The assessee is a firm and the relevant assessment year is 1976-77. For this year the ITO allowed deduction under s. 80HH of the Act and held that all the requirements of the said section had been satisfied. The CIT was of the opinion that the order of the ITO was erroneous and prejudicial to the interest of Revenue and as such he issued notice under s. 263 of the Act. He set aside the order of the ITO and remanded the matter for a fresh assessment insofar as deduction under s. 80HH was concerned. The assessee went up in appeal to the Tribunal and the Tribunal allowed the appeal following the decision of the Allahabad High Court in the case of J.K. Synthetics vs. CIT (1976) 104 ITR 255 (sic). The Tribunal held that since an appeal had been filed against the assessment order, therefore, the CIT had no power to revise the order under s. 263. At the instance of the Department, the above two questions have been referred to us for our opinion.
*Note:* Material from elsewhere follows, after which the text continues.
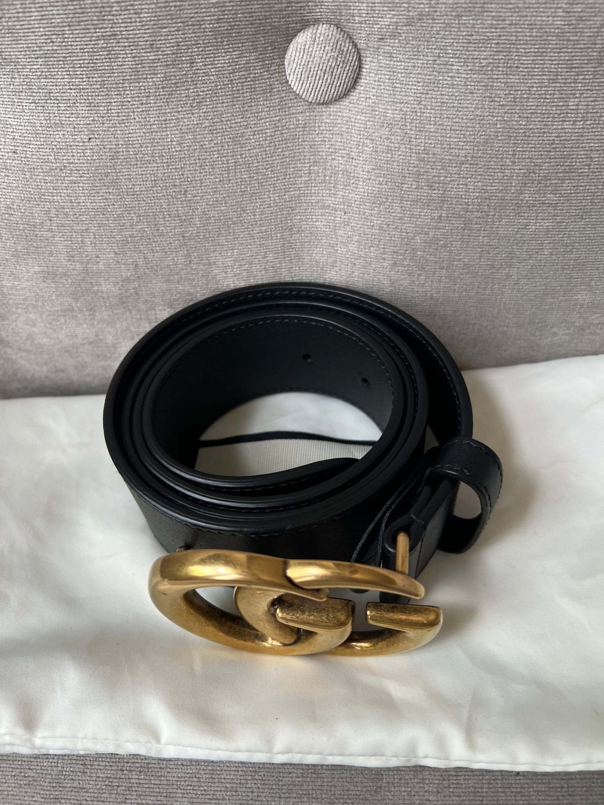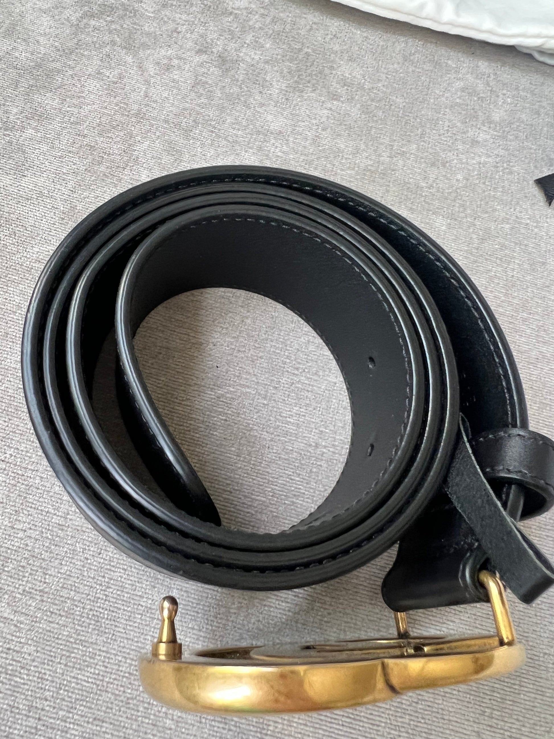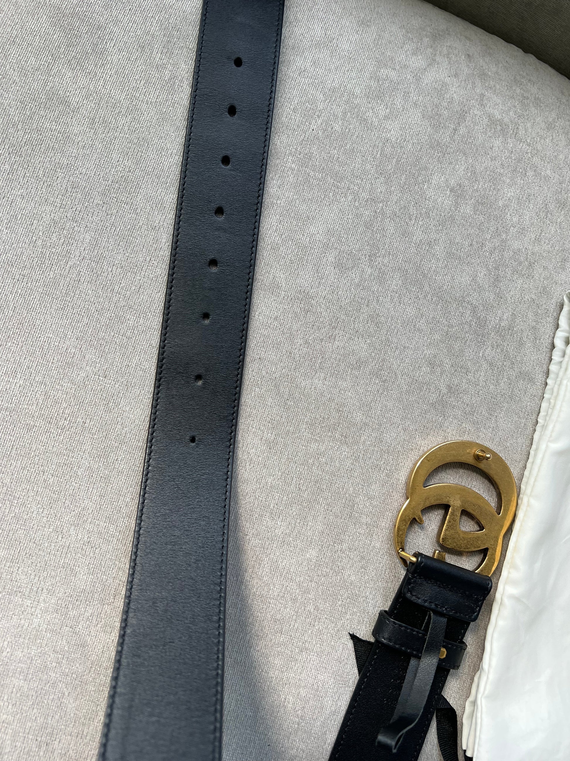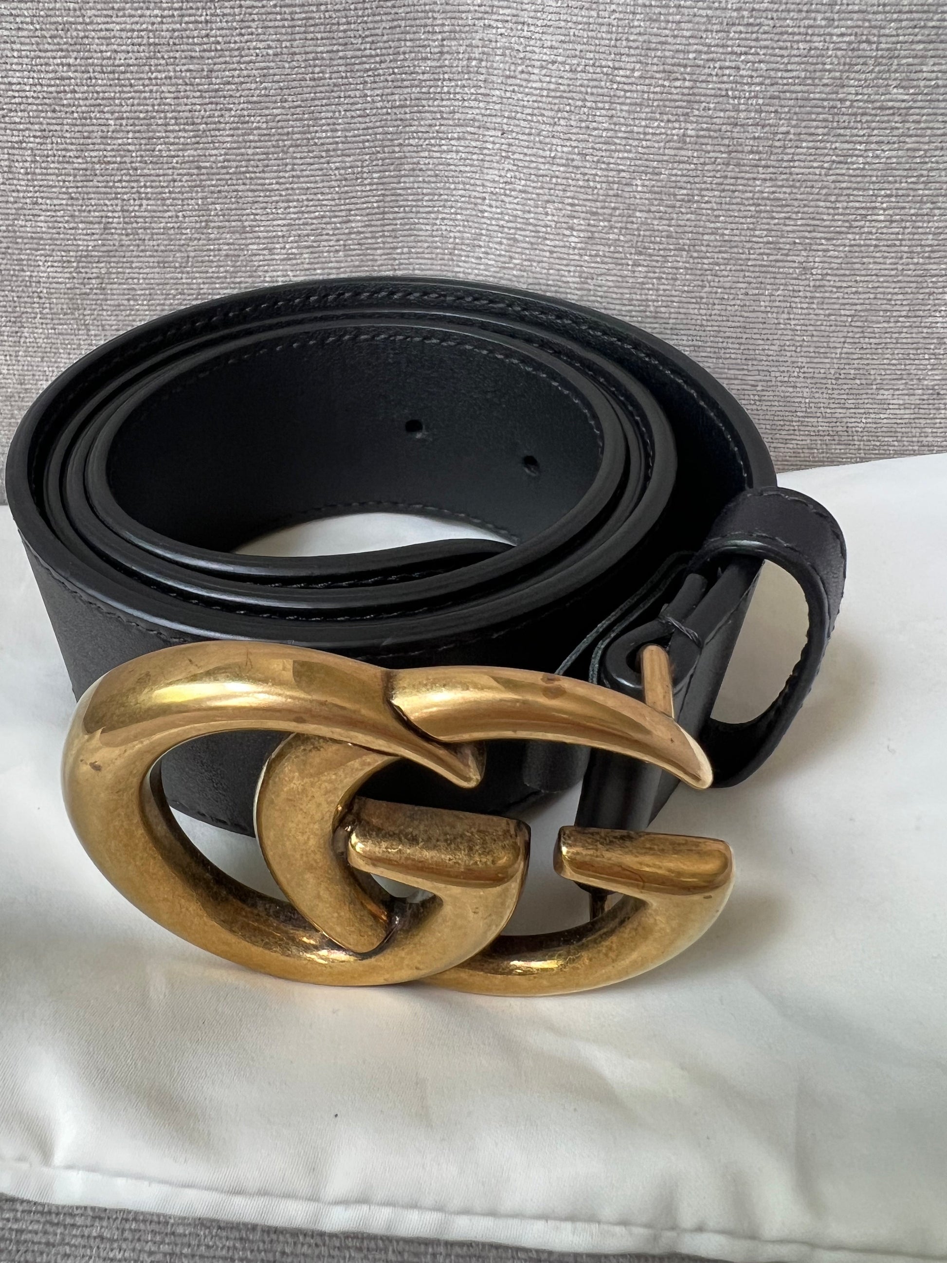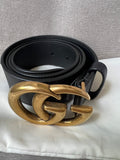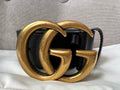 Gucci Black Marmont Re-edition Wide Leather Belt with Antique gold Buckle. Note an extra hole has been punched to enable it to be smaller.

In our opinion the first question has to be answered in favour of the Department in view of amendment of s. 263(1) Expln. (c) of the IT Act as amended by Finance Act of 1989 and as interpreted by the Supreme Court in the case of CIT vs. Shri Arbuda Mills Ltd. (1998) (1998) 147 CTR (SC) 474 : (1998) 231 ITR 50 (SC)
As regards the second question referred to us, it has to be decided in favour of the assessee since the finding of the Tribunal is that the assessee has complied with all the conditions in s. 80HH and this is a finding of fact.
In view of the above, we answer the first question referred to us in favour of the Department and against the assessee and the second question in favour of the assessee and against the Department.